アテネのメトロ入門     2015年9月体験


アテネに行ったとき、少しだけメトロに乗りました。ギリシャのメトロ体験をたぐってみました。

アテネMTアッチキ駅と電車201509 (2)
( 落書きいっぱいでも元気に走るアテネのメトロ )

アテネのメトロも1路線を除き、2004年のオリンピック開催決定前後に整備が始まった公共交通機関です。ギリシャ経済危機で整備計画は遅れたかも知れませんが、いまでも少しずつ延伸されているようです。

アテネ地下鉄路線図2020
( アテネのメトロ路線図。2020年9月現在 )

メトロ路線図の青い線の右の地図外の場所がアテネ国際空港です。「エレフテリオス・ヴェニゼロス空港」という名前ですが、日本人には発音しにくいです。
アテネのレフテリオス ヴェニゼロス空港鉄道駅連絡通路201509
( 空港ビルからアテネ空港駅につながる連絡歩道橋 )
アテネ空港駅停車中のメトロ車両201509
( 空港駅で都心へ向かうメトロの始発電車 )

地図で分かるように、メトロは4路線があります。他にLRT式の市電が2路線ありますので、アテネには6路線の都市鉄道があります。日本のJRのような電車は都心部では走っていません。

アテネのメトロは他国の技術を導入したので、全体の雰囲気は世界共通仕様。あえて言うとスペインのメトロの雰囲気に似ています。ギリシャらしさはほとんどありません。駅の構内に工事中に出土した遺物を展示する手法も、よその国でもあります。電車が落書きだらけなんて、いまさら言うまでもないことです。

観光客がよく利用するのは、青い系統と緑色の系統でしょう。アテネ観光の基点シンタグマ広場や、パルテノン神殿やショッピング・ゾーンに近いモナスティラキ駅を通るからです。
アテネMTシンタグマ駅入口風景201509
( メトロのシンタグマ広場駅入口のひとつ )
アテネMTシンタグマ駅構内風景201509 (3)
( メトロのシンタグマ駅構内 )

「メトロは治安がいまいち」というコメントをブログに載せている人がいますが、さもありなんです。キップのチェック機はありますが、ゲート式の改札口がないので、誰でもプラットホームに入って来られるし、キセル乗車も難しくありません。2020年現在は、どうなっているか知りませんが、改札口は設置した方がいいと思います。

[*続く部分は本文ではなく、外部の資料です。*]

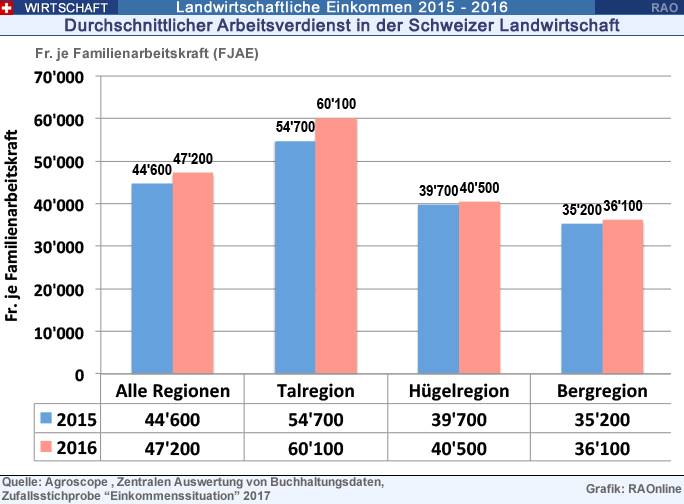 Höhere landwirtschaftliche Einkommen 2016 Das landwirtschaftliche Einkommen 2016 stieg gegenüber dem Vorjahr um 4,7 Prozent. Es betrug im Mittel 64'300 Franken je Betrieb. Hauptgründe für den Anstieg waren die höheren Preise für Schweinefleisch, die gute Weinernte sowie weniger stark gestiegene Aufwände. Diese wirkten den schlechten Ernten im Pflanzenbau und der schwierigen Situation auf dem Milchmarkt entgegen. Das ausserlandwirtschaftliche Einkommen der landwirtschaftlichen Haushalte nahm um 2,5 Prozent zu. Das Gesamteinkommen erhöhte sich damit um 4,2 Prozent. Höherer Ertrag Im Jahr 2016 betrug der mittlere Ertrag inklusive Direktzahlungen je Betrieb 317'500 Franken und stieg damit im Vergleich zum Vorjahr um 1,8 Prozent. Der Ertrag aus der Tierhaltung ist insgesamt um 1,2 Prozent gestiegen. Das lag einerseits an deutlich gestiegenen Schweinefleischpreisen, einer guten Situation auf dem Rindfleischmarkt, aber andererseits an weiterhin rückläufigen Milchpreisen. Bei den monetären Erträgen aus dem Pflanzenbau ist insgesamt ein Rückgang von 2,7 Prozent zu verzeichnen. Einerseits führten die nassen Witterungsbedingungen 2016 bei den meisten Ackerkulturen wie Getreide, Ölsaaten, Kartoffeln und Zuckerrüben zu unterdurchschnittlichen Naturalerträgen. Dagegen gab es beim Wein eine mengen- und qualitätsmässig hervorragende Ernte. Die Direktzahlungen sind bei gleichbleibendem Direktzahlungsbudget auf Bundesebene entsprechend dem Grössenwachstum der Betriebe um 1,8 Prozent gestiegen. Aufwände leicht gestiegen Der Aufwand ist bei rückläufigen Produktionsmittelpreisen um 1,1 Prozent auf 253 200Franken gestiegen. Gründe für diesen Anstieg waren höhere Personalaufwände sowie Abschreibungen und Wertberichtigungen. Höheres landwirtschaftliches Einkommen Das landwirtschaftliche Einkommen, das der Differenz von Ertrag und Aufwand entspricht, entschädigt die Familien-Arbeitskräfte und verzinst das im Betrieb investierte Eigenkapital. Es nahm durchschnittlich um 4,7 Prozent auf 64 300 Franken je Betrieb zu. In der Talregion stieg das landwirtschaftliche Einkommen um 6,9 Prozent auf 79'900 Franken. Ein Grund dafür ist, dass sich in der Talregion relativ mehr Spezialkultur- und Veredelungsbetriebe befinden. In der Hügel- und Bergregion fiel das Einkommenswachstum mit 2,0 bzw. 2,8 Prozent kleiner aus. In der Hügelregion sind die landwirtschaftlichen Betriebserträge weniger gestiegen als in der Talregion - bei gleicher Veränderung der Aufwände. In der Bergregion sind die Aufwände bei gleichbleibenden Erträgen leicht zurückgegangen. Höherer Arbeitsverdienst Der Arbeitsverdienst pro Vollzeit-Äquivalent-Familienarbeitskraft widerspiegelt die Höhe der Entschädigung der auf dem Betrieb arbeitenden Familienarbeitskräfte. Er ergibt sich, wenn man vom Landwirtschaftlichen Einkommen die Entschädigung des Eigenkapitals abzieht und durch die Anzahl Familienarbeitskräfte dividiert. Durch einen leichten Rückgang der Familienjahresarbeitseinheiten steigt der Arbeitsverdienst pro Familienarbeitskraft etwas mehr als das landwirtschaftliche Einkommen, um 5,9 Prozent auf 47'200 Franken. In der Talregion betrug er 60'100 Franken je Familienarbeitskraft in der Hügelregion 40'500 Franken und in der Bergregion 36'100 Franken. Ausserlandwirtschaftliches Einkommen leicht gestiegen Das Gesamteinkommen eines landwirtschaftlichen Haushaltes setzt sich aus dem landwirtschaftlichen und dem ausserlandwirtschaftlichen Einkommen zusammen. Es steht den Bauernfamilien für den Privatverbrauch und zur Eigenkapitalbildung zur Verfügung. Das ausserlandwirtschaftliche Einkommen wird für die Betriebsgemeinschaften nicht erhoben. Somit kann das Gesamteinkommen nur für die Einzelunternehmen ohne Betriebsgemeinschaften berechnet werden. Das ausserlandwirtschaftliche Einkommen je Betrieb ist im Jahr 2016 um 2,5 Prozent auf durchschnittlich 30'600 Franken gestiegen. Das Gesamteinkommen erreichte je Betrieb durchschnittlich 92'000 Franken und stieg damit gegenüber 2015 um 4,2 Prozent. In der Talregion beträgt das Gesamteinkommen 2016 107'600 Franken, in der Hügel- und Bergregion liegt es bei 85'000 bzw. 76'900 Franken. Der Anteil der Landwirtschaftlichen Einkommen am Gesamteinkommen ist in der Talregion mit 71 Prozent höher als in der Hügel- und Bergregion mit 61 bzw. 64 Prozent. Mittelfluss leicht gestiegen In Ergänzung zur Erfolgsrechnung gibt die Mittelflussrechnung Auskunft über die Entwicklung der liquiden Mittel der Betriebe. Der Mittelfluss des Unternehmens wird indirekt berechnet, indem vom Erfolg die nicht liquiditätswirksamen buchhalterischen Vorgänge eliminiert werden. Der Mittelfluss aus der Geschäftstätigkeit des Unternehmens lag 2016 bei 79'700 Franken. Er hat sich gegenüber dem Vorjahr um 1,6 Prozent erhöht. Dieser im Vergleich zum landwirtschaftlichen Erfolg kleinere Anstieg liegt an insgesamt höheren Abzügen für die Korrektur der nicht liquiditätswirksamen Vorgänge, zu denen beispielsweise Lagerveränderungen gehören. Auffallend ist, dass die Investitionstätigkeit der Betriebe 2016 deutlich zurückgegangen ist. Diese Entwicklungen zeigen die Ergebnisse von Agroscope, welche auf der Grundlage der Zufallsstichprobe "Einkommenssituation" der Zentralen Auswertung von Buchhaltungsdaten basieren.

アテネのメトロは、線路の幅が標準軌の第3軌条方式で、電車は右側通行です。都心部を抜けると地上区間が多いです。明るい陽光を浴びながらアテネ郊外の街並みを眺めるのもよいかも知れません。パルテノン神殿周辺のごくごく狭い観光地区を離れると、車窓には、世界中のどこにでもあるようなマンション街やこじんまりした戸建て住宅が延々と並んでいます。ギリシャのイメージとは全然異なる現代都市風景に観光客はがっかりかも知れません。

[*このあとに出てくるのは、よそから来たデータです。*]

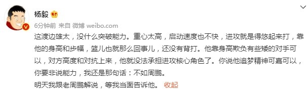 杨毅依然坚持这观点:打亚洲比赛周鹏比渡边好使 专进关键球
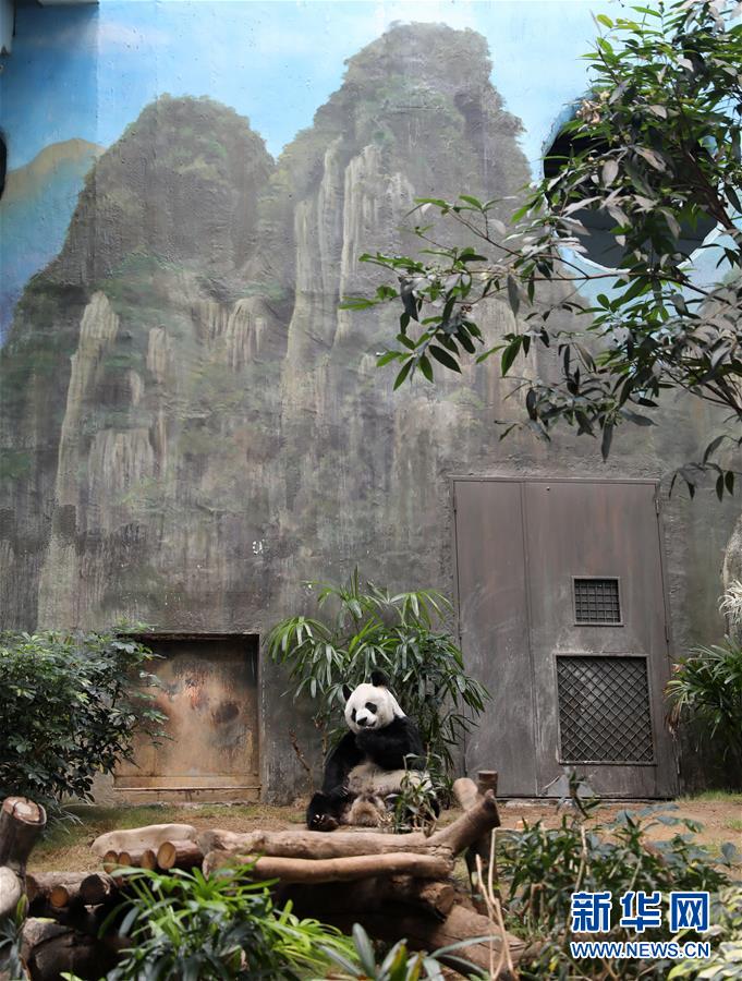 大熊貓“安安”來到香港海洋公園展區(qū)(5月11日攝)。新華社記者吳曉初攝

アテネMTモナスティラキ駅と電車201509 (2)
( アッティキ駅北方を走る電車 )
アテネMTメトロ車内201509
( 車内は意外ときれいでシンプル )

ちょっとだけ足を伸ばして緑色系統の南の終点ピレエフス駅まで来ました。この路線は、かつての近郊鉄道が原型なので地上区間も多く、ピレエフス駅も「地下鉄の駅」のイメージとはまったくありません。ドーム屋根に覆われた長距離列車の始発駅のような雰囲気でした。
アテネMTピレウス駅と港201509 (1)
( メトロの終点のひとつピレエフス駅 )

アテネ観光を計画中の皆さんも、そして私も、世界標準仕様のメトロ体験を楽しみ、アテネならではの一コマを探してみましょう。